== RECORDS FOR THE TASK ==

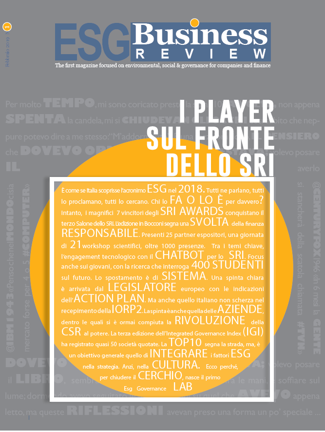 ETicaNews lancia ESG Business Review, il primo magazine cartaceo italiano dedicato esclusivamente agli Esg. A gennaio l’esordio. Due i numeri previsti nel 2019. Invio postale. Gratuito (richiedilo qui).
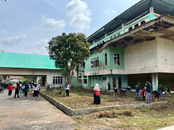 Pembersihan dilakukan mulai pekarangan, saluran drainase, pelataran, hingga ruangan dalam gedung. Kegiatan ini dilakukan secara bertahap, mulai dari pengangkatan puing dan sampah, pembersihan saluran drainase dan penebangan/pemotongan pohon agar lebih tertata rapi dan bersih.
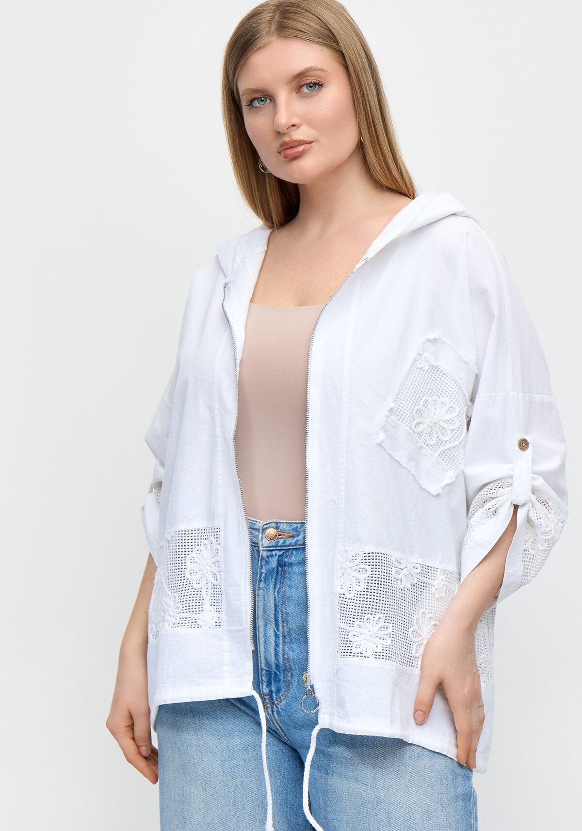 Стильный пыльник с капюшоном и регулируемыми рукавами 7/8 подчеркнёт ваш неповторимый образ — продуманные детали вроде стильной застёжки и завязок по низу создают идеальный силуэт. Эффектная ткань с эффектом варки дополнена изысканной отделкой: декоративная сеточка с вышивкой украшает всё изделие — от рукавов до нагрудного кармана.
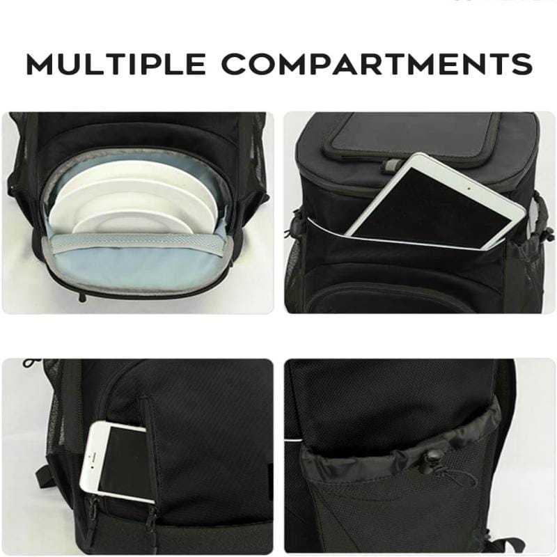 • Compartimentos Inteligentes: Dos secciones térmicas principales para separar alimentos secos de bebidas, más bolsillos laterales de red y un bolsillo frontal amplio.
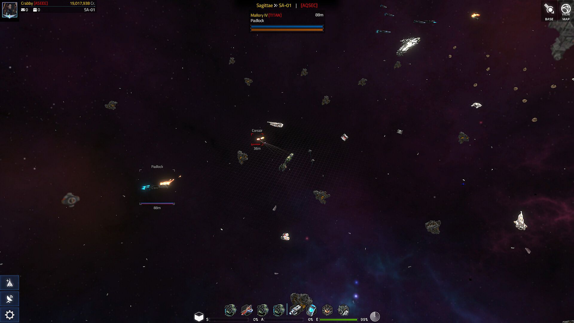 A huge universe with hundreds of sectors, Asteroid belts, Nebula, Gas clouds, Ice Fields and more to explore.

===

→ **TASK TO CARRY OUT**: The material above holds pictures; copy everything else in it exactly.

→ **TASK ANSWER**:
 ETicaNews lancia ESG Business Review, il primo magazine cartaceo italiano dedicato esclusivamente agli Esg. A gennaio l’esordio. Due i numeri previsti nel 2019. Invio postale. Gratuito (richiedilo qui).
 Pembersihan dilakukan mulai pekarangan, saluran drainase, pelataran, hingga ruangan dalam gedung. Kegiatan ini dilakukan secara bertahap, mulai dari pengangkatan puing dan sampah, pembersihan saluran drainase dan penebangan/pemotongan pohon agar lebih tertata rapi dan bersih.
 Стильный пыльник с капюшоном и регулируемыми рукавами 7/8 подчеркнёт ваш неповторимый образ — продуманные детали вроде стильной застёжки и завязок по низу создают идеальный силуэт. Эффектная ткань с эффектом варки дополнена изысканной отделкой: декоративная сеточка с вышивкой украшает всё изделие — от рукавов до нагрудного кармана.
 • Compartimentos Inteligentes: Dos secciones térmicas principales para separar alimentos secos de bebidas, más bolsillos laterales de red y un bolsillo frontal amplio.
 A huge universe with hundreds of sectors, Asteroid belts, Nebula, Gas clouds, Ice Fields and more to explore.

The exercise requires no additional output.